Singapore has fallen to fourth place - from third a year ago - on business school IMD's latest ranking of the world's most competitive economies. This came as Hong Kong rose to top the annual scoreboard, unseating last year's leader, the US, to third place behind Switzerland.
Local economists were unruffled by the one-place drop in the yearly rankings shuffle but said the IMD World Competitiveness Yearbook (WCY) 2016's analysis highlights perennial issues of high costs and talent attraction as growing challenges to Singapore's long-term competitiveness.
"Singapore has consistently been within the top five most competitive economies, so we're still talking about a very, very competitive economy despite the drop," said Christos Cabolis, chief economist at the IMD World Competitiveness Center, which ranks 61 economies annually on a mix of statistics and survey responses. Hard data - such as GDP and prices - accounts for two thirds of the total score, while the final third is drawn from IMD's survey of executives based in each location.

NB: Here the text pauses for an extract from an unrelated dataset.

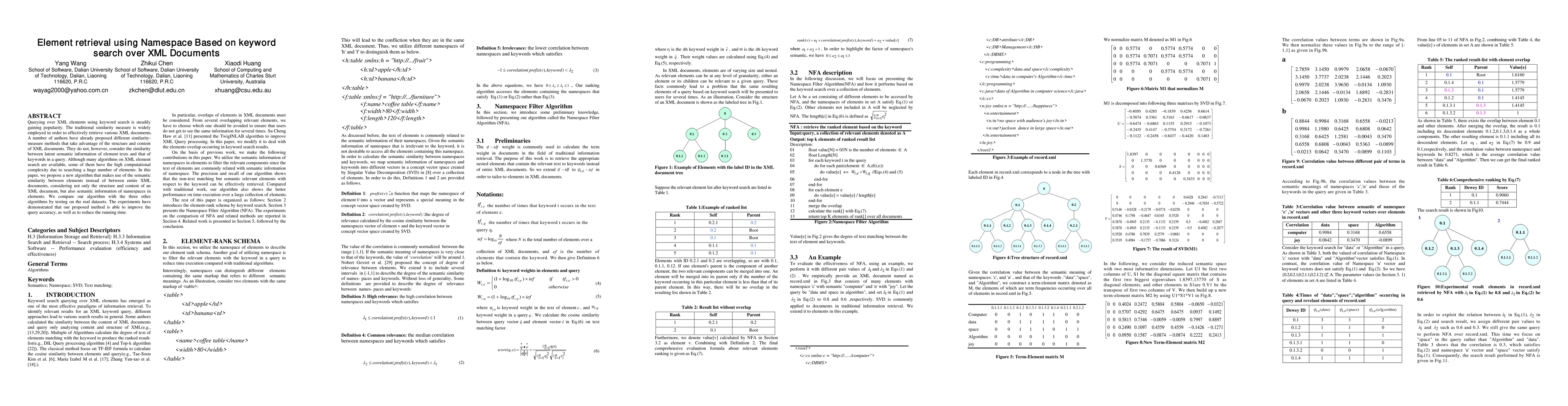 This paper proposes a new algorithm for keyword search over XML documents that leverages semantic similarity between XML elements and namespaces, improving query accuracy and reducing computational complexity compared to traditional methods. Experimental results show enhanced performance over existing algorithms.

Opinions gleaned from that survey however, prompted Mr Cabolis to flag the quality of talent Singapore produces and attracts, as one area to watch. "The sentiment seems to be that Singapore has to strengthen its production of qualified engineers and managers. It relies mainly now on talent that is coming into the country and while Singapore remains one of the best places to live, given the cost of living, this becomes relatively more difficult," he said.
The cost of doing business too, features negatively in the IMD report. Cost competitiveness has in previous years been at or near the bottom of a list of "attractiveness indicators", going by the IMD poll. But only 1.5 per cent of respondents picked cost competitiveness as a pull factor in 2016 - down from 7.3 per cent in 2015 - and a level that Centennial Asia Advisors founding director Manu Bhaskaran describes as "abysmal".
"Clearly costs and the consequent relocation of activities out of Singapore are a problem," said Mr Bhaskaran. These threats stand against the positives at the other end of list: "policy stability and predictability" and "business-friendly environment", each voted for by over 70 per cent of respondents.
Mizuho economist Vishnu Varathan sees the cost issue as linked to the daunting task of Singapore reinventing itself to retain its edge as regional competition picks up.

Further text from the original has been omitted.